"Fooled By Randomness" by Nassim Nicholas Taleb. Totally changed the way I think about everything.
Here's an example (I haven't read the book in a while so I forget the exact numbers and the exact way its presented in the book, but bear with me):
Some people look at successful traders (or any sort of successful person) and assume that that person is really good at what they do. Imagine you have 100,000 people, and every year on Jan 1st they all play Russian Roulette with a gun with six chambers, and one bullet. Every year a certain number of people will die. After 30 years, there won't be many left, maybe around 500 people from the original 100,000. Are these people really good at playing Russian Roulette? Or are they lucky? Similarly, is a successful trader really good at what he does? Or is he lucky?

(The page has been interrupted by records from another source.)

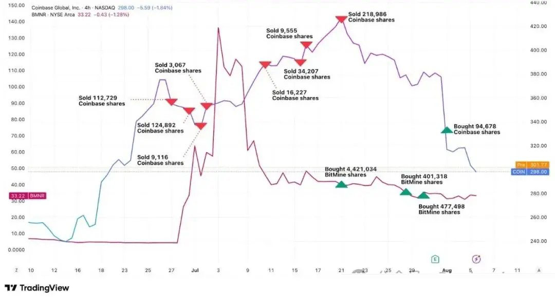 他们也在 Coinbase 达到顶峰时卖出,并在令人失望的财报导致股价暴跌后加倍买入。他们在多次市场低点买入 BitMine。
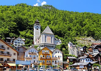 | Ostansicht der katholischen Pfarrkirche Mariä Himmelfahrt der oberösterreichischen Marktgemeinde Hallstatt . Eine große weiträumige spätgotische Hallenkirche mit einem zweischiffigen, quadratischen Langhaus und einem Doppelchor. | Eigenes Werk | C.Stadler/Bwag | Datei:Hallstatt - katholische Pfarrkirche.JPG | |
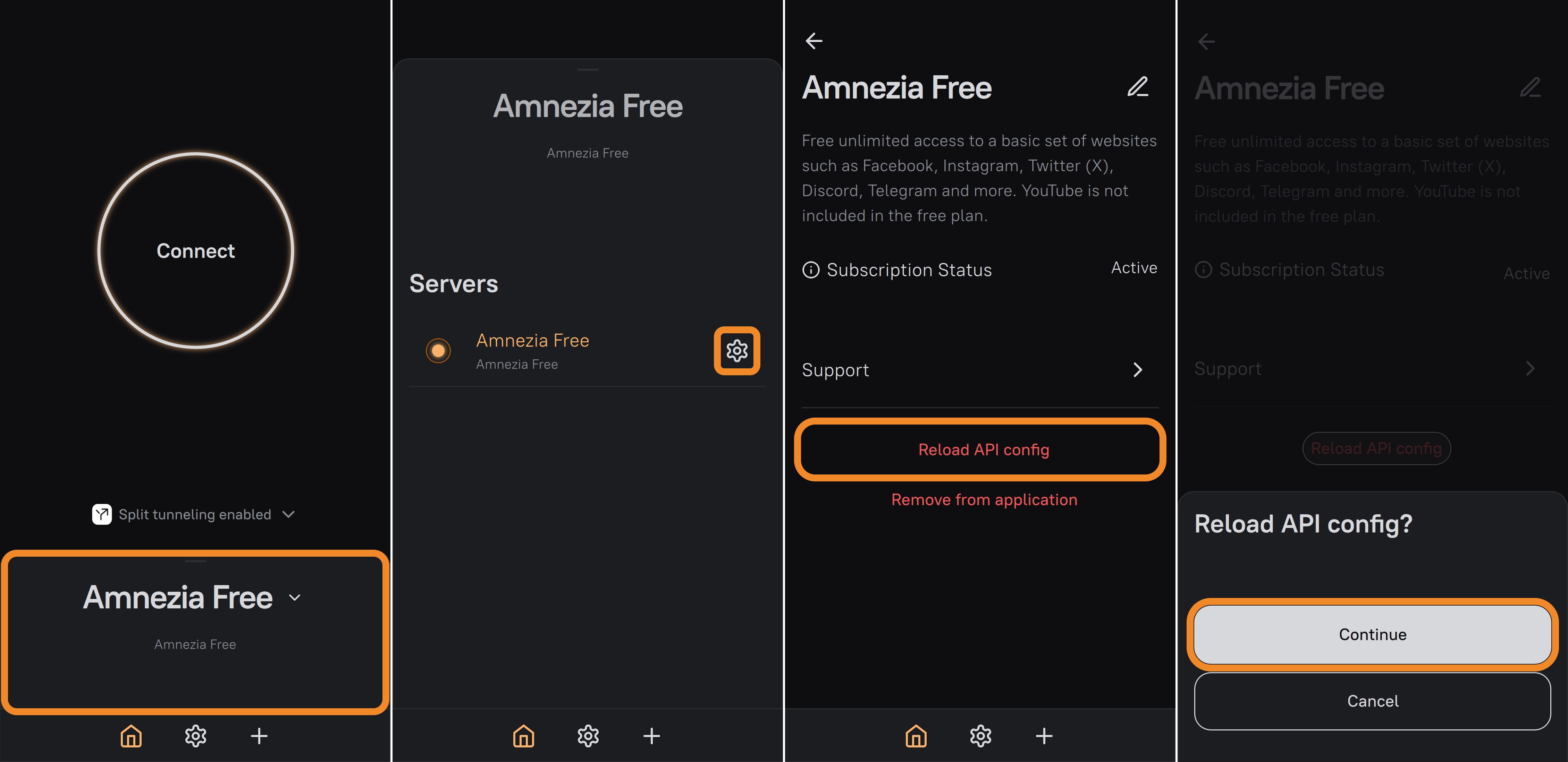 - Tap the ⚙️ (gear) icon to the right of the Amnezia Free connection name.
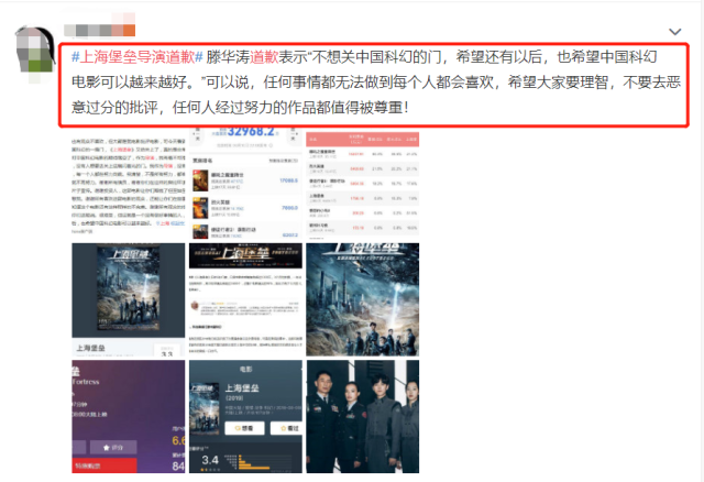 影片上映恶评如潮,就连导滕华涛都出来道歉,《上海堡垒》也成为中国科幻片之耻被钉在了华语影史的耻辱柱上。
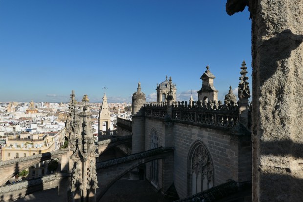 Looking down at the Real Alcázar (located inside the crenellated walls) from the Cathedral’s tower.
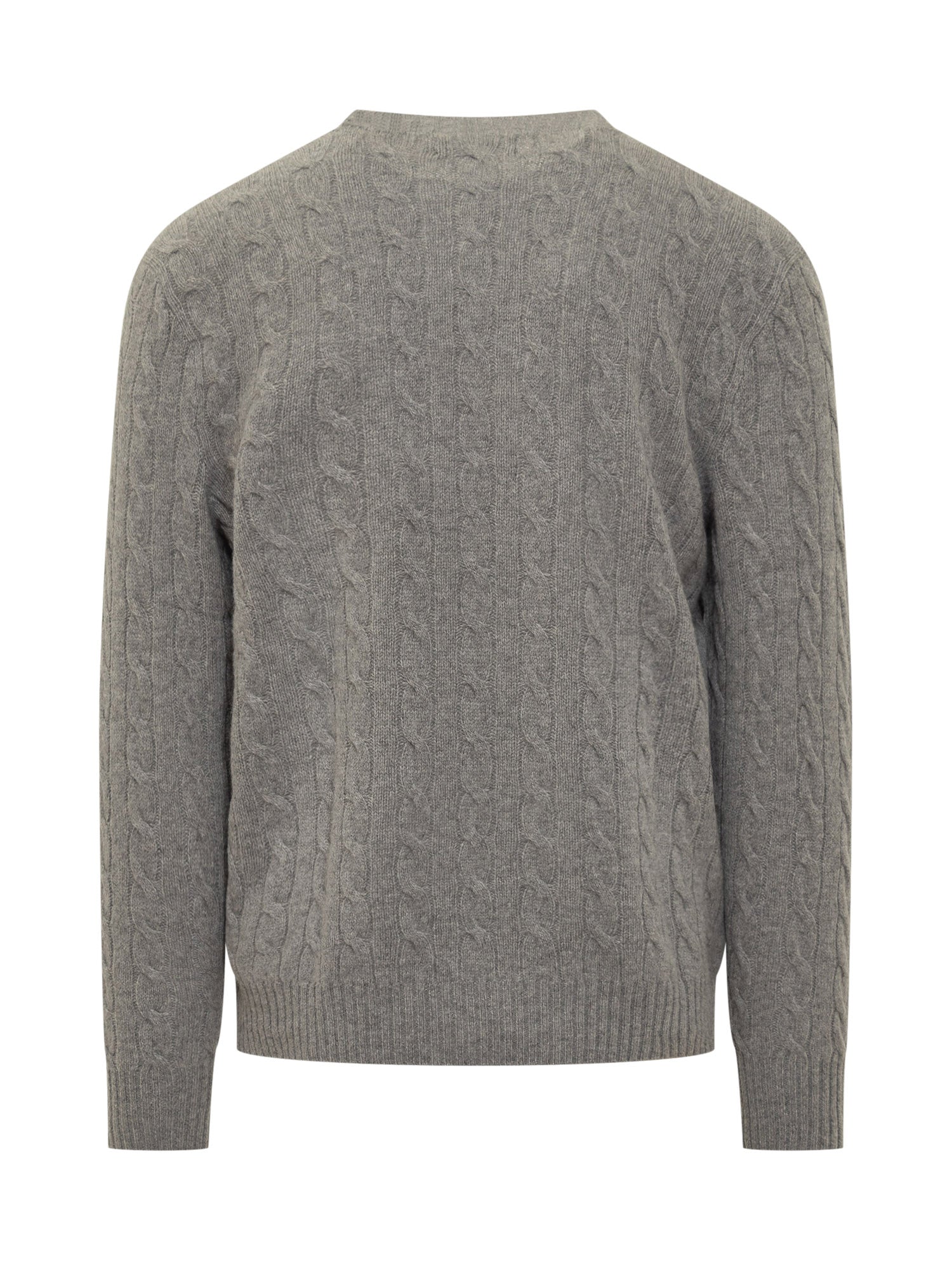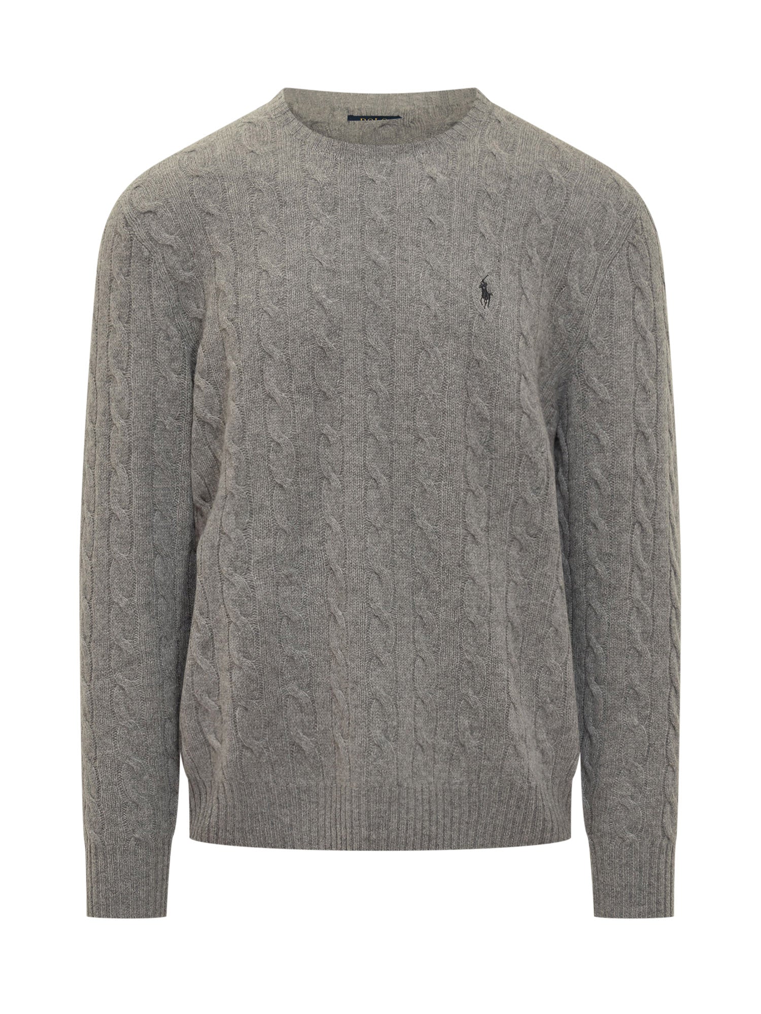 Polo Ralph Lauren grey wool cable-knit sweater with crewneck and embroidered pony logo on the chest.
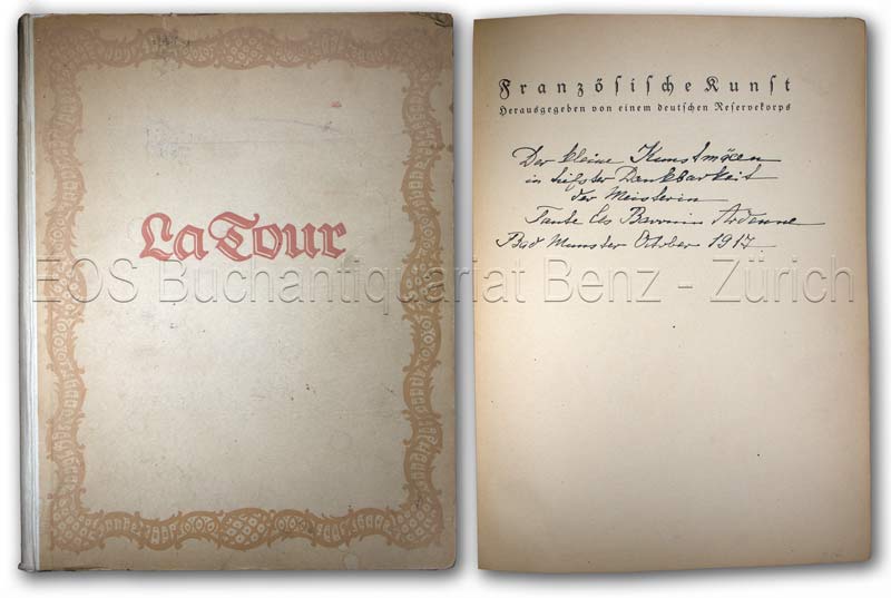 Aus der Reihe “Französische Kunst”, hrsg. von einem deutschen Reservekorps. – Mit eigenhd. Widmung auf Vortitel “Der kleinen Kunstmäzenin in liebster Dankbarkeit. Tante Els Baronin Ardenne. Bad Münster October 1917”. Das Schicksal von Elisabeth Baronin von Ardenne (Zerben 1853-1952 Lindau) diente Theodor Fontane als Anregung für seinen Roman Effi Briest (1895). Die Sammlung La Tour wurde von der deutschen Armee aus dem bombardierten St. Quentin in Sicherheit gebracht. Der Herausgeber widmete das Buch Wilhelm II., König von Württemberg. – Buchdeckel gebräunt und etwas fleckig. (Sprache: Deutsch / German)
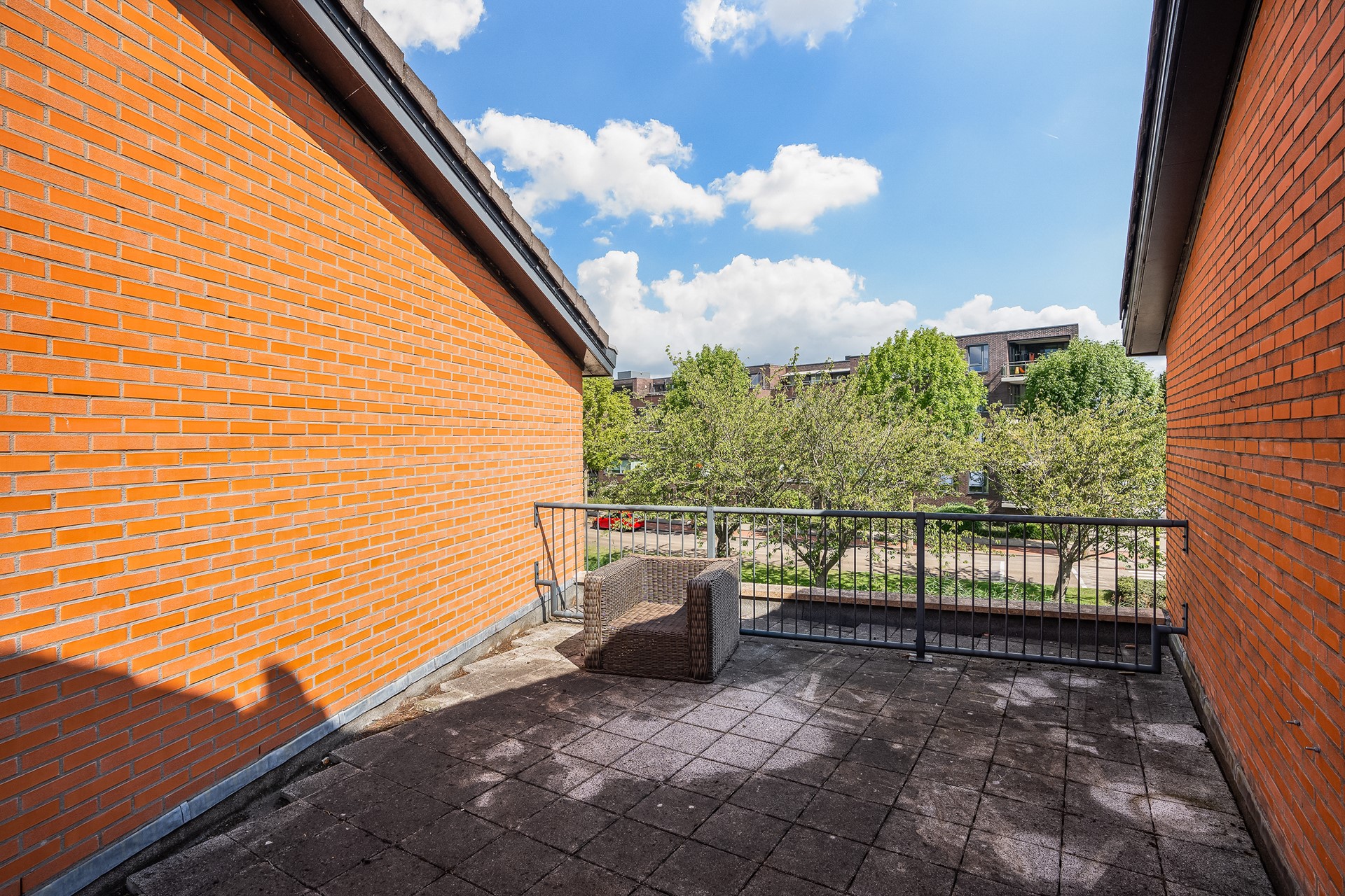 De overloop is ruim opgezet met een zwevend toilet, hoge raampartijen en toegang tot het eerste dakterras. Aan de achterzijde bevinden zich twee slaapkamersmet directe toegang tot het terras. Aan de voorzijde ligt een derde slaapkamer met openslaande deuren naar een sfeervol Frans balkon.

Another thing discussed in the book is a study where they asked a hundred people in an airport if they would be interested in buying insurance for ten dollars. That insurance would cover absolutely anything that would go wrong on the person's vacation whether their baggage was lost, or they were killed or dismembered. People weren't very interested in this all-inclusive insurance that would cover absolutely anything. Another group of a hundred people at the airport were asked if they would be interested in insurance that would cover them only for anything that went wrong that was related to a terrorist activity. And people were very interested in this insurance. So the book goes into some discussion about the way people's perceptions of risk are totally flawed. Some really interesting stuff.